Error handling across agent boundaries¶
Each agent boundary is a potential failure point. Define an error contract for each agent:
- What does the agent return when it cannot complete the task?
- Does it return a partial result or raise an exception?
- How does the supervisor / downstream agent handle a failure?
A common pattern: agents return a result object with a success flag and an error_message field. The supervisor checks the flag before proceeding and can retry the sub-task, skip it, or abort the whole pipeline.

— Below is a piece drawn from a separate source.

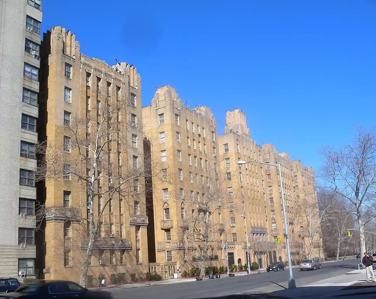 The Park Plaza Apartments were one of the first and most prominent Art Deco apartment buildings erected in the Bronx in New York City. The eight-story, polychromatic terra cotta embellished structure at 1005 Jerome Avenue and West 164th Street was designed by Horace Ginsberg and Marvin Fine and completed in 1931. It is an eight-story building divided into five blocks or section, each six bays wide. There are about 200 apartments, ranging from one to five rooms. See also: Read more on Wikipedia
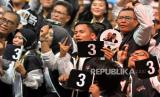 REPUBLIKA.CO.ID, JAKARTA -- Pendukung pasangan calon capres dan cawapres saat menghadiri pengundian nomer urut di gedung KPU Jakarta, Selasa (14/11/2023).

When not to use multi-agent¶
Multi-agent systems are not inherently better than single-agent systems. They are appropriate when: - Parallelism provides meaningful latency reduction - Specialization (different system prompts) produces meaningfully better outputs - The task genuinely exceeds a single context window
They add complexity, cost, and failure modes. If a well-crafted single-agent loop can solve the problem, prefer it.